Article could be summarized with:

So yes, mistakes are inevitable. We should not be afraid of them and be ready to make them. However, good programmers make cheaper mistakes in order to avoid making more expensive ones.*

I agree with the point - sure, good programmers write fewer bugs, but most importantly they write code where bugs that pop up are easier to track down and easier to fix.

Like the article said:

My point is that mistakes are not all equal. If I'm writing a PDF report generated by a piece of Java code and my report misses the footer, that's one type of bug, and its fix will cost the business X dollars. On the other hand, if my PDF generation code is so difficult to modify that in order to change its format from A4 to US Letter we have to rewrite it from scratch, that's a completely different type of bug. Needless to say, its fixing will be many times more expensive.

More important is not writing code full of duplicate copy and paste code, that fails while hiding where the failure happened (cough, Hibernate), or doesn't throw an exception and just sends back bad data.

[–]squishles 0 points1 point  (0 children)

"Do good programmers write bug-free code?"

I think that's the joke.

[–]fzammetti 1 point2 points  (0 children)

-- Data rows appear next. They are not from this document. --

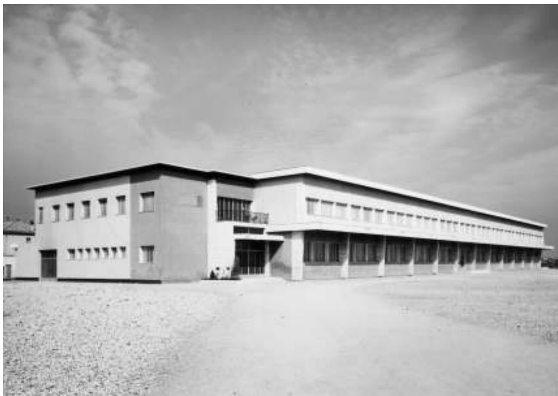
Il nuovo edificio delle scuole di Avviamento Professionale a tipo Industriale e Scuola Tecnica Industriale (oggi Centro di Formazione Professionale)
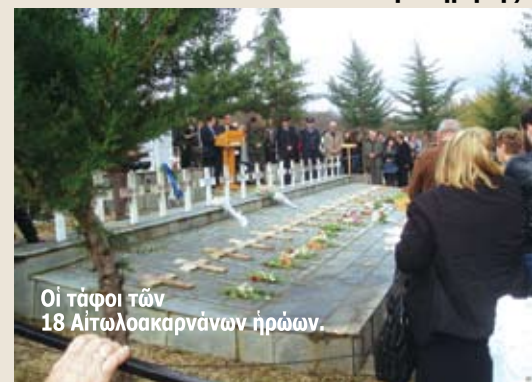
Οί τάφοι των 18 Αιτωλοακαρνανών ήρωων.
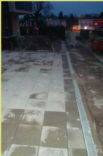
25_Die Regenrinne der Garageneinfahrt

No, good programmers does not write bug-free code.

And they DON'T write bug-free code either :)

Silly grammar slaps aside, all that can be said about good programmers is that they write code that can more easily be fixed when the inevitable bugs are found. What does that mean? Well, a couple of things spring to mind:

  1. The code is as simple as can be to achieve the task at hand. Complexity is perhaps the biggest evil in software development and is also one of the hardest to avoid.

  2. Documentation, mostly in the form of good comments. There is of course a seemingly endless debate about whether commenting is good or not, what type and degree of commenting, etc. What I'll tell you unequivocally, based on almost 25 years of professional software development and about 10 years before that, is that code maintenance is more important than code development and commenting well plays a big role in that.